RC: In the sense that the legal cannabis market is one of the most significant new business opportunities to hit public capital in a long time, I can’t really say I sense anything up and coming of the same magnitude.
As I mentioned before, we see a lot of different stories getting funded, but I think we are going to continue to see the legal cannabis space driving a substantial percentage of our growth as we make our way through the rest of 2017.
Digital innovation at the CSE
PM: The infrastructure supporting securities trading and information exchange is predominantly digital these days. How has the CSE navigated the rapidly evolving digital landscape?
RC: There are a variety of things I would like to see happen faster than they are today.
One of them relates to information released by issuers, where I would like a more aggressive implementation in Canada of a protocol called XBRL (eXtensible Business Reporting Language). This basically refers to digitally tagging news and company filings with the regulator. The practical impact is that an analyst can download a company’s financial history directly into spreadsheets. At the present time, an analyst wanting to initiate coverage on a CSE company has to manually key its financial history into a spreadsheet.

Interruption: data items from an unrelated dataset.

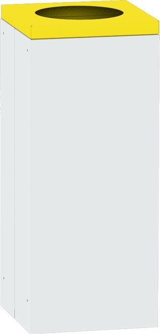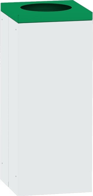 Hranatý stabilní koš vhodný pro třídění odpadu. Výška 700 x šířka 295 x hloubka 295 mm, objem 57 l. Barva koše světle šedá RAL 7035, víko s kruhovým vhozem o ø 200 mm v různých barvách pro rozlišení druhu odpadu. Pouze pro vnitřní použití.
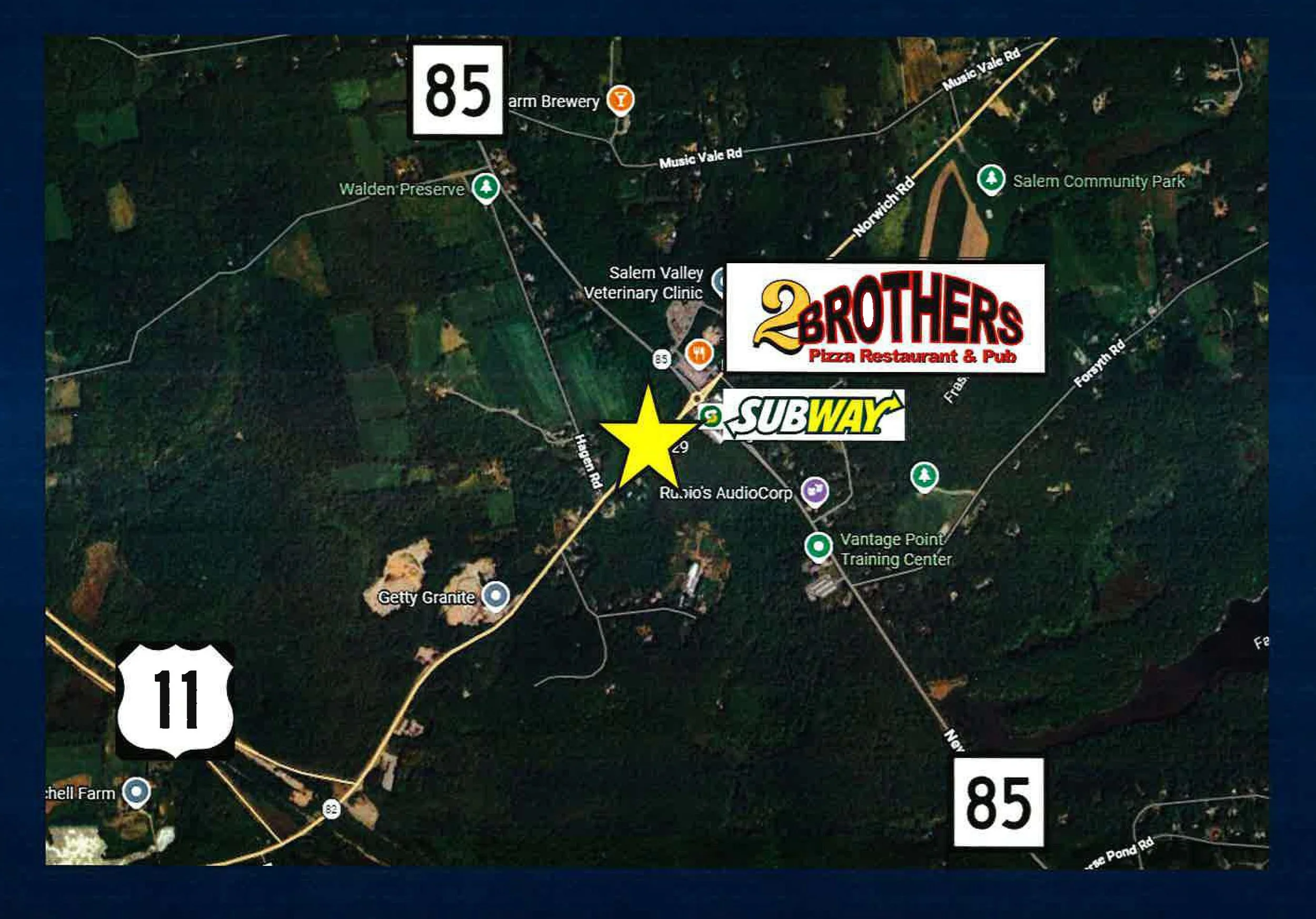 DIRECTIONSI-395 S Exit 2. Turn right onto Route 85. About 8 miles, enter Salem Four Corners Roundabout, turning left on Route 82. Just on left.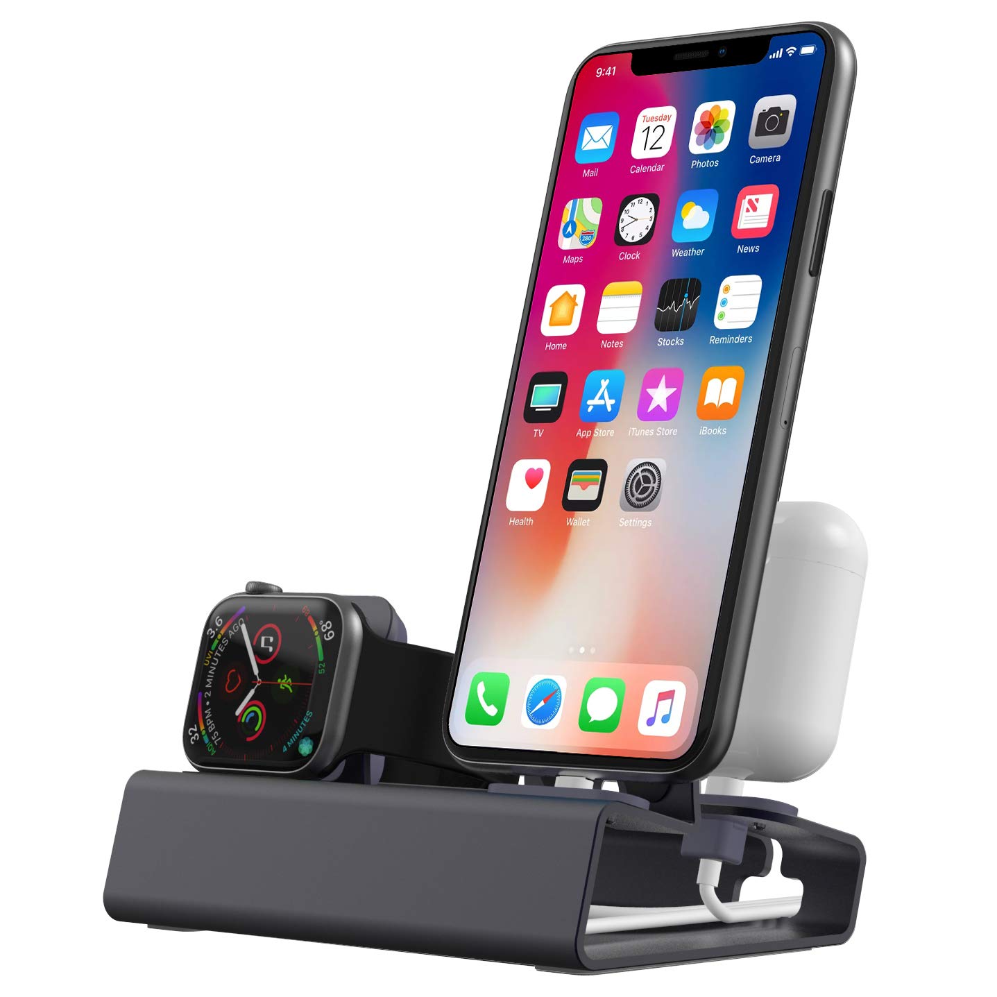 CQTECH Compatible with iPhone Apple Watch Charging Station for Apple Products, 3 in 1 Aluminum Charging Stand Docking Holder for Apple Watch Series 5/4/3/2/1 & iPhone Airpods – No Charger (Gray)- Amazon.com

To put it mildly, that is a massive time commitment, with significant potential for error involved.
I would really like to see the Canadian exchanges and regulators get together on a taxonomy of XBRL for reporting financial information for public companies in Canada. It has already been mandated for use in the United States.
We have also implemented a new trading system and a variety of new technologies around that system. Although it was a significant investment for us, the benefits have been immediate, including lower operating and data centre costs.
We don’t describe ourselves as a technology company but we do certainly avail ourselves of those tools in a significant way and they up our game from a customer service perspective while helping us to manage costs.